> **WHAT TO PRODUCE**
Pull each line holding the word "clarifiers" from the data.

> **DATASET ENTRIES**
+--

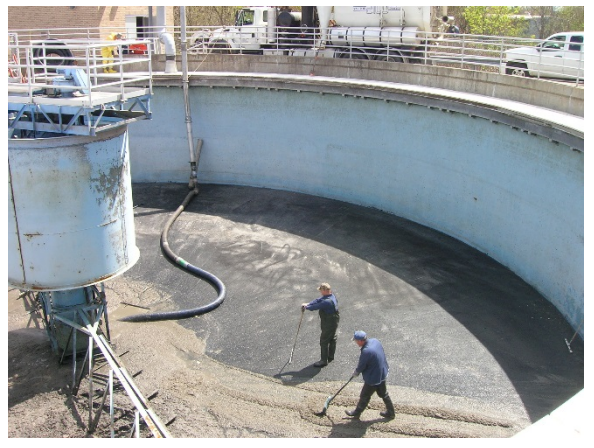
Figure 9: West Warwick staff manually pushing sludge to the center of idled primary clarifiers. From there, the sludge would be pumped away in tanker trucks.

the clarifiers and the solids to settle out. Still needed was electricity to power the large boom arms that sweep the solids into troughs for collection and removal. These were back online in two weeks. In the meantime, portable pumping systems were brought in to remove the solids as they continued to enter the facility. Getting the sludge to the center of the tanks, however, had to be done the oldfashioned way—with manual labor.
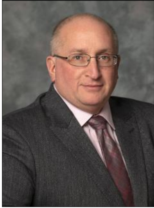
Bob Crimo Highland Park Mayor

WRITE A BRIEF BIOGRAPHY THAT INCLUDES YOUR QUALIFICATIONS FOR THIS OFFICE.
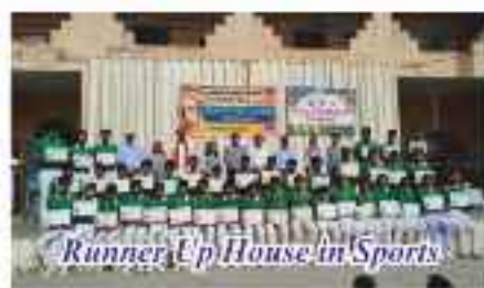
Runner Up House in Sports
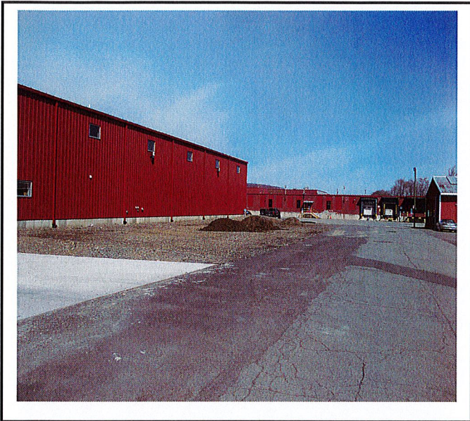
Topsoil for final stabilization.
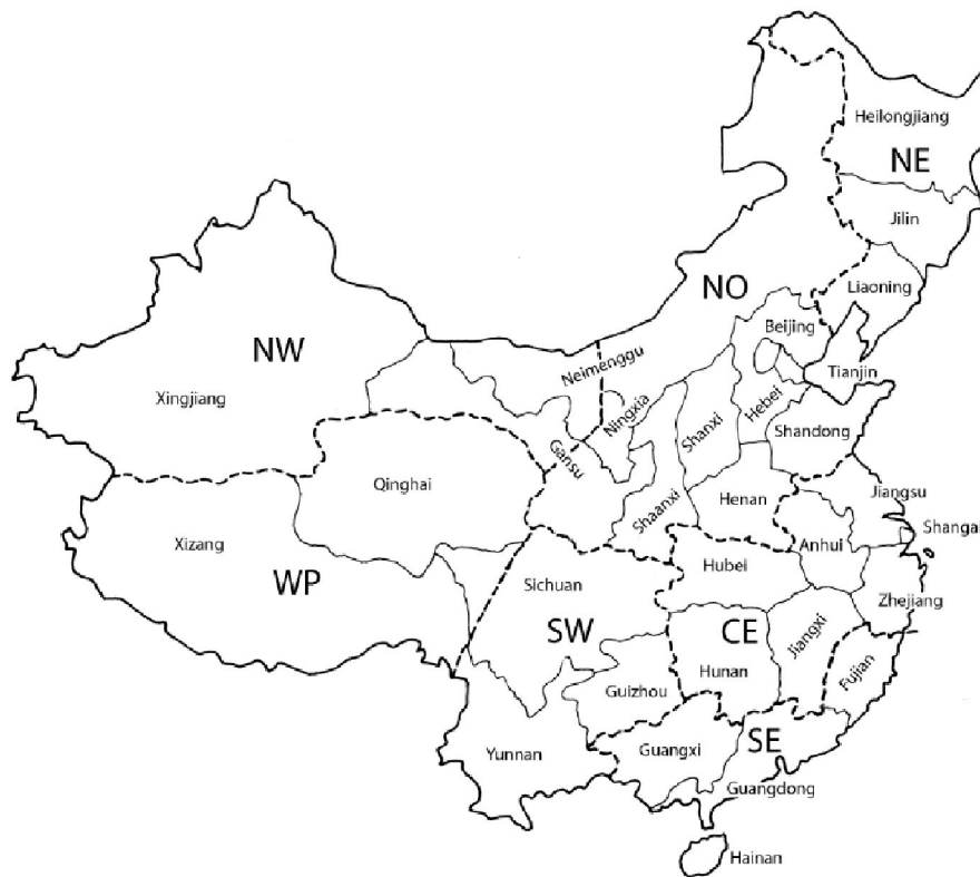
FIGURE 3. Map of China (excluding Taiwan) and its seven subunits as used in this catalogue. NW: Northwestern China. NO: Northern China. NE: Northeastern China. WP: Western Chinese Plateau. SW: Southwestern China. CE: Central China. SE: Southeastern China. Map adapted from Lelej (2002).
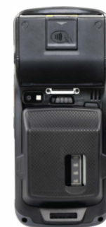
Finger print (4000mAh battery)

+--

> **SOLUTION**
Figure 9: West Warwick staff manually pushing sludge to the center of idled primary clarifiers. From there, the sludge would be pumped away in tanker trucks.
the clarifiers and the solids to settle out. Still needed was electricity to power the large boom arms that sweep the solids into troughs for collection and removal. These were back online in two weeks. In the meantime, portable pumping systems were brought in to remove the solids as they continued to enter the facility. Getting the sludge to the center of the tanks, however, had to be done the oldfashioned way—with manual labor.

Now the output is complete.